Exercise instructions =
Could you repeat every line below exactly, skipping the images?

Source material =
--------------------

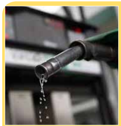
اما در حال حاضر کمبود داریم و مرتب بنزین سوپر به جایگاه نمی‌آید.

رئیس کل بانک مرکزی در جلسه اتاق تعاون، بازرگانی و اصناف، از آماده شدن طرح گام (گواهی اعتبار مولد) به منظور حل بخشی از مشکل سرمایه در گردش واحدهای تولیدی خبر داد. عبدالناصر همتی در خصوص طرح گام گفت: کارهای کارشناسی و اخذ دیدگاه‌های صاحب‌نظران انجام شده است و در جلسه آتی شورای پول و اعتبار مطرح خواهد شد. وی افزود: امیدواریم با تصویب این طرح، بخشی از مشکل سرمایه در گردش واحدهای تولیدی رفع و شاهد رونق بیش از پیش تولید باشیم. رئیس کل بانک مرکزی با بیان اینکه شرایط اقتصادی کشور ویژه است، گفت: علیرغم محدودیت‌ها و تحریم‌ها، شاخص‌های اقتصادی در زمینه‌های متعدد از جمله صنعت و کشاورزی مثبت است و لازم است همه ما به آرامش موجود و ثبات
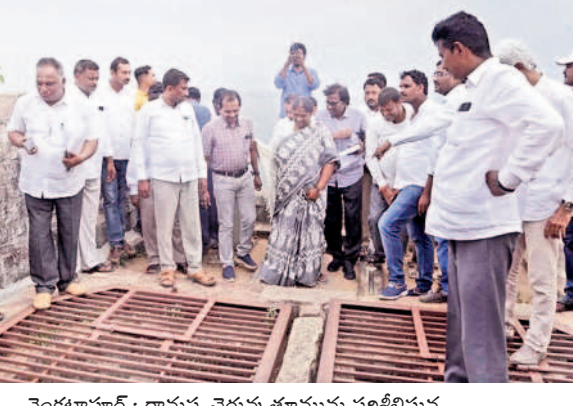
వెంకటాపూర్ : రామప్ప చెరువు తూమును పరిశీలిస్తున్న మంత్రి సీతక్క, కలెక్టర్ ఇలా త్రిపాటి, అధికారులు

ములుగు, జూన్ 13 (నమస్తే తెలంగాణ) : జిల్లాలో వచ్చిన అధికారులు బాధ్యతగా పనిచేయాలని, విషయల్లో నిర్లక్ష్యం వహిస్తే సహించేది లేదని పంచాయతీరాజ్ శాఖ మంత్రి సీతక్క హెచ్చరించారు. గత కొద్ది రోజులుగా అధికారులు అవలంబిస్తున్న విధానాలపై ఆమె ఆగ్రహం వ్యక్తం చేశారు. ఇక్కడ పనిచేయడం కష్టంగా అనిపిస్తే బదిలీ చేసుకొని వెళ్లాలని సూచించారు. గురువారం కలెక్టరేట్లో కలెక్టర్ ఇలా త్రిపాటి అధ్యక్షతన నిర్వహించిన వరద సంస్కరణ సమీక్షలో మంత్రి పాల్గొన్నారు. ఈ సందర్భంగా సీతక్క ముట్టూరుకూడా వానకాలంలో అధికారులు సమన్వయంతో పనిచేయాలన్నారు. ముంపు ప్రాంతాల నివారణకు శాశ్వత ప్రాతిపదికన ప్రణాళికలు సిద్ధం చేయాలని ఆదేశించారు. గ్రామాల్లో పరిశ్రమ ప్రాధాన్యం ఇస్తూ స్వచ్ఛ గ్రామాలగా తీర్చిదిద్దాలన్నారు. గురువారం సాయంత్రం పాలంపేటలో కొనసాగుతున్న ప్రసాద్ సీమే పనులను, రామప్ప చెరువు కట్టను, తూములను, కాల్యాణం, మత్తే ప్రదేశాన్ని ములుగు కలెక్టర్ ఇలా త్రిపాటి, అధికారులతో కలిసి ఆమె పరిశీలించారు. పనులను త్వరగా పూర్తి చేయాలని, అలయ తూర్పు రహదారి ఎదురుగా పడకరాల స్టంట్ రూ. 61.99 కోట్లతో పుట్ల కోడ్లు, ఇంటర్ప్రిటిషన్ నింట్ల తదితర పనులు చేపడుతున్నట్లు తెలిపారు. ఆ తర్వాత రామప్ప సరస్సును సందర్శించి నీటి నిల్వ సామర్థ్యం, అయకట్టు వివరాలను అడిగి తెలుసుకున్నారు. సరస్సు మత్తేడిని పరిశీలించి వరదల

--------------------

Task answer =
اما در حال حاضر کمبود داریم و مرتب بنزین سوپر به جایگاه نمی‌آید.

رئیس کل بانک مرکزی در جلسه اتاق تعاون، بازرگانی و اصناف، از آماده شدن طرح گام (گواهی اعتبار مولد) به منظور حل بخشی از مشکل سرمایه در گردش واحدهای تولیدی خبر داد. عبدالناصر همتی در خصوص طرح گام گفت: کارهای کارشناسی و اخذ دیدگاه‌های صاحب‌نظران انجام شده است و در جلسه آتی شورای پول و اعتبار مطرح خواهد شد. وی افزود: امیدواریم با تصویب این طرح، بخشی از مشکل سرمایه در گردش واحدهای تولیدی رفع و شاهد رونق بیش از پیش تولید باشیم. رئیس کل بانک مرکزی با بیان اینکه شرایط اقتصادی کشور ویژه است، گفت: علیرغم محدودیت‌ها و تحریم‌ها، شاخص‌های اقتصادی در زمینه‌های متعدد از جمله صنعت و کشاورزی مثبت است و لازم است همه ما به آرامش موجود و ثبات
వెంకటాపూర్ : రామప్ప చెరువు తూమును పరిశీలిస్తున్న మంత్రి సీతక్క, కలెక్టర్ ఇలా త్రిపాటి, అధికారులు

ములుగు, జూన్ 13 (నమస్తే తెలంగాణ) : జిల్లాలో వచ్చిన అధికారులు బాధ్యతగా పనిచేయాలని, విషయల్లో నిర్లక్ష్యం వహిస్తే సహించేది లేదని పంచాయతీరాజ్ శాఖ మంత్రి సీతక్క హెచ్చరించారు. గత కొద్ది రోజులుగా అధికారులు అవలంబిస్తున్న విధానాలపై ఆమె ఆగ్రహం వ్యక్తం చేశారు. ఇక్కడ పనిచేయడం కష్టంగా అనిపిస్తే బదిలీ చేసుకొని వెళ్లాలని సూచించారు. గురువారం కలెక్టరేట్లో కలెక్టర్ ఇలా త్రిపాటి అధ్యక్షతన నిర్వహించిన వరద సంస్కరణ సమీక్షలో మంత్రి పాల్గొన్నారు. ఈ సందర్భంగా సీతక్క ముట్టూరుకూడా వానకాలంలో అధికారులు సమన్వయంతో పనిచేయాలన్నారు. ముంపు ప్రాంతాల నివారణకు శాశ్వత ప్రాతిపదికన ప్రణాళికలు సిద్ధం చేయాలని ఆదేశించారు. గ్రామాల్లో పరిశ్రమ ప్రాధాన్యం ఇస్తూ స్వచ్ఛ గ్రామాలగా తీర్చిదిద్దాలన్నారు. గురువారం సాయంత్రం పాలంపేటలో కొనసాగుతున్న ప్రసాద్ సీమే పనులను, రామప్ప చెరువు కట్టను, తూములను, కాల్యాణం, మత్తే ప్రదేశాన్ని ములుగు కలెక్టర్ ఇలా త్రిపాటి, అధికారులతో కలిసి ఆమె పరిశీలించారు. పనులను త్వరగా పూర్తి చేయాలని, అలయ తూర్పు రహదారి ఎదురుగా పడకరాల స్టంట్ రూ. 61.99 కోట్లతో పుట్ల కోడ్లు, ఇంటర్ప్రిటిషన్ నింట్ల తదితర పనులు చేపడుతున్నట్లు తెలిపారు. ఆ తర్వాత రామప్ప సరస్సును సందర్శించి నీటి నిల్వ సామర్థ్యం, అయకట్టు వివరాలను అడిగి తెలుసుకున్నారు. సరస్సు మత్తేడిని పరిశీలించి వరదల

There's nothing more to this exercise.